Likewise, if I can learn how to rejoice, then I can learn how to rejoice in God. If you think about it, “enjoy” is really only properly and most fully said of God, since even the created things we say we love “for their own sake” are really still loved with reference to God who must be our last end—else they would be idols, rivals with Him. But the good things of creation are good precisely because God made them, and it is His own goodness of which they are faint reflections. Because He made them good, it is right to love them, and so there is a meaningful sense in which we can say we find joy in them. And because all things are made ultimately for the glory of God, loving them in a rightly ordered way brings us closer to God. There is a time for denying ourselves good things so as to give God our totally undivided attention, but there is also a time to receive good things from Him with thanksgiving. The answer of how to live like it’s Easter, then, seems like it ought to involve doing things you really love, not for the sake of some other created good or worldly advantage, but simply to delight in them as signs that God loves us and wants us to be happy. This is different from doing whatever I want and insisting on getting my way, for such pseudo-rejoicing closes us in on ourselves, while rejoicing out of love draws us out of ourselves.
What this looks like in practice will look a little bit different for each of us, because we can love created things rightly and yet have different favorites. Maybe one form this might take would be visiting a friend or relative and having a conversation with him, not for a favor, but simply because you really enjoy his company. Maybe it means reading a book that you really like, not because it is useful, but because you really enjoy it. Maybe it means eating a food you specially like, not because of stress or convenience, but because you really enjoy it.
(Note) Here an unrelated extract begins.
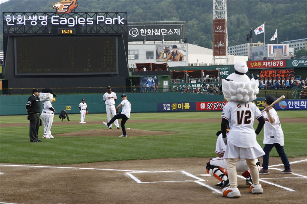 한화생명 이글스파크에서 열린 야구 경기에서 2011년 어머니를 위해 신장을 기증한 아들 최귀헌씨가 시구자로 참여해 시타자로 나선 어머니 박은희씨에게 공을 던지고 있다.
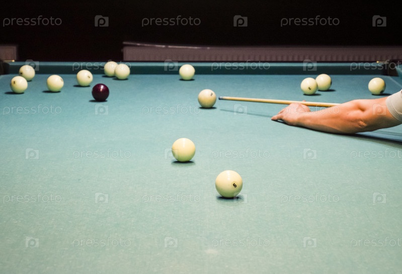 Бильярд, бильярдный стол. Нацеливание кия на мяч для чертенка

Perhaps it means playing sports, not because you need the exercise but because you enjoy the sport; and the same goes for praying, singing, or other delightful activities. I plan to do a little of each of these, offering them to God and thanking Him for them afterward.
Taking the time to do things you really love might take a little bit of initiative, but compared to “Not Lent” it seems to me like a much better way to imbue daily life with the ethos of Easter.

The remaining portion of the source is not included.